Economists at the Federal Reserve Bank of St. Louis examined how much wealth Black, Hispanic and White millennial families amassed between 2007 and 2019, then compared those figures to how much wealth those groups were expected to acquire during that period. Wealth was calculated by taking the monetary value of what a family owns — their home, car and retirement accounts, for instance — minus how much debt they have from mortgages, student loans, credit cards and other financial obligations.

By 2019, millennial White families had accumulated total wealth of about $88,000, compared with $22,000 for millennial Hispanic families and $5,000 for millennial Black families. None of the groups have met the expected level of wealth that researchers predicted, but “Black families were a staggering 52% below wealth expectations,” St. Louis Fed senior researcher Ana Kent Hernández said in her analysis of the data. In the study, Fed researchers stopped short of predicting if — or when — Black millennials will ever catch up to the previous generation.

A range of interrelated factors may help explain why Black millennials lag in building household wealth, the Fed researchers found.

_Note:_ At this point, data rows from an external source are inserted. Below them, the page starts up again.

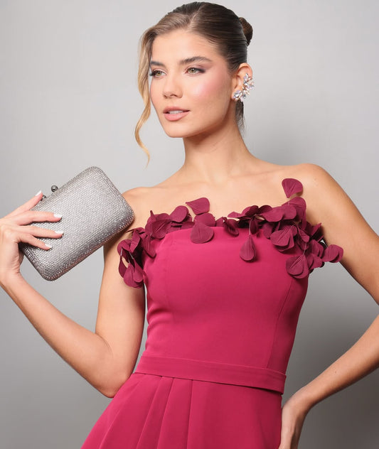 Glamorous Fuchsia Satin Applique Strapless Sleeveless Split Prom Dress | Zelldresses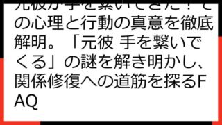復縁占い・復縁相談 元彼が手を繋いできた!その心理と行動の真意を徹底解明。「元彼 手を繋いでくる」の謎を解き明かし、関係修復への道筋を探るFAQ 元彼が手を繋いできた!その心理と、あなたの取るべき最善の行動とは? 元彼が、ふと手を繋いできた…。 その突然の出来事に、あなたは戸惑いや期待、様々な感情を抱いているのではないでしょうか。 それは、単なる気まぐれなのか、それとも復縁へのサイン... 2025.08.24 復縁占い・復縁相談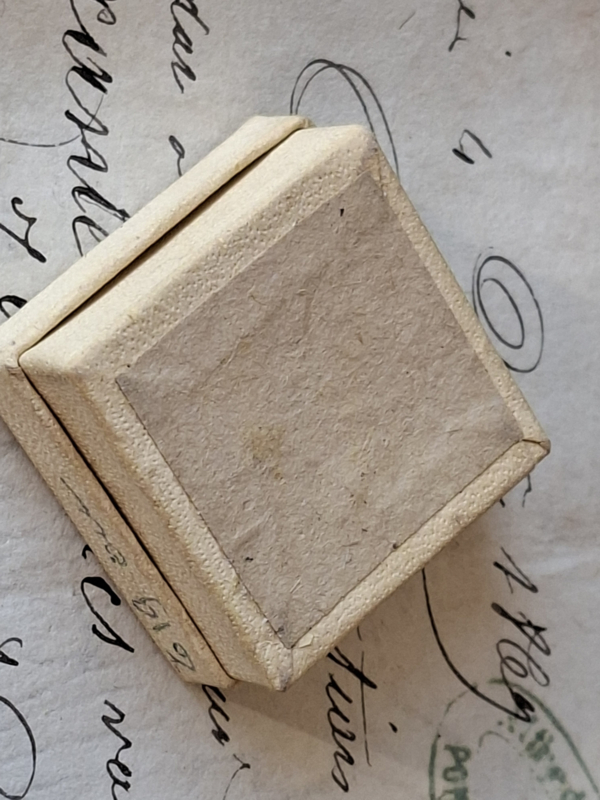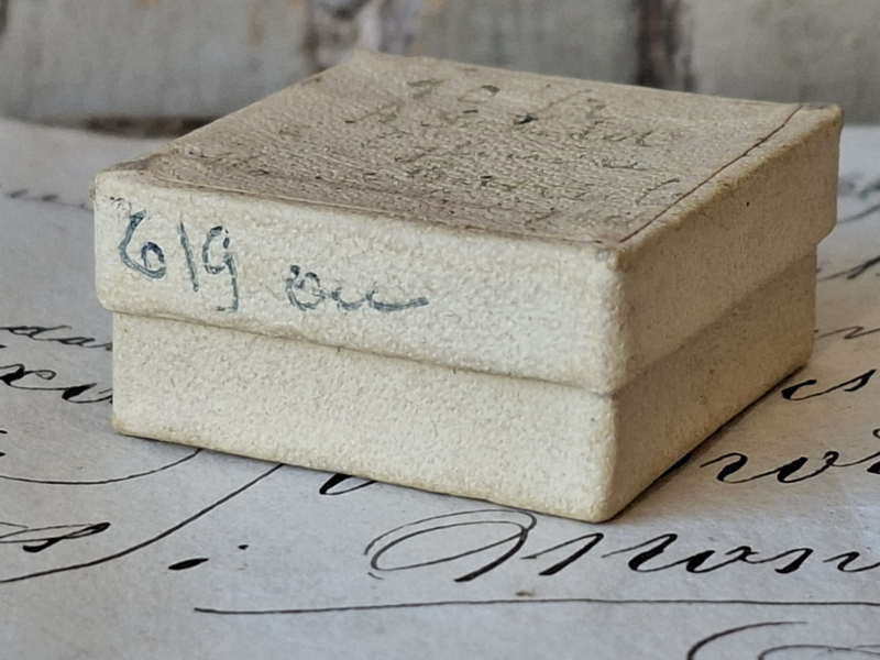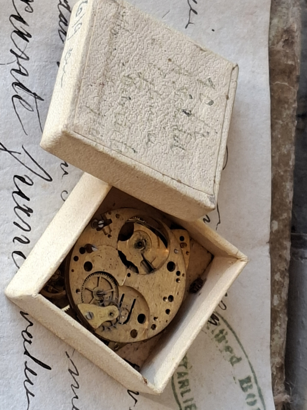 Heel oud frans juweliersdoosje. Op het doosje van karton is een handgeschreven tekst. In het doosje is nog een oud binnen uurwerk van een horloge.

“One possible reason is the increasing burden of student loan debt on this group,” Hernández wrote.

Other reasons may include low homeownership rates among Black millennials, being paid lower wages than their White counterparts and struggles to gain bank financing when starting a business. For many Americans, the go-to method for building wealth is buying a house, but Black Americans lag in that area as well. Fed data show that 41% of Black families owned their home in 2019, compared to 47% of Hispanic households and 73% for Whites.

The racial wealth gap doesn’t surprise financial expert Deborah Owens, who coaches Black women on how to build wealth. Low wages, mountains of student debt and inadequate retirement savings have all suppressed wealth creation for people of color, she said.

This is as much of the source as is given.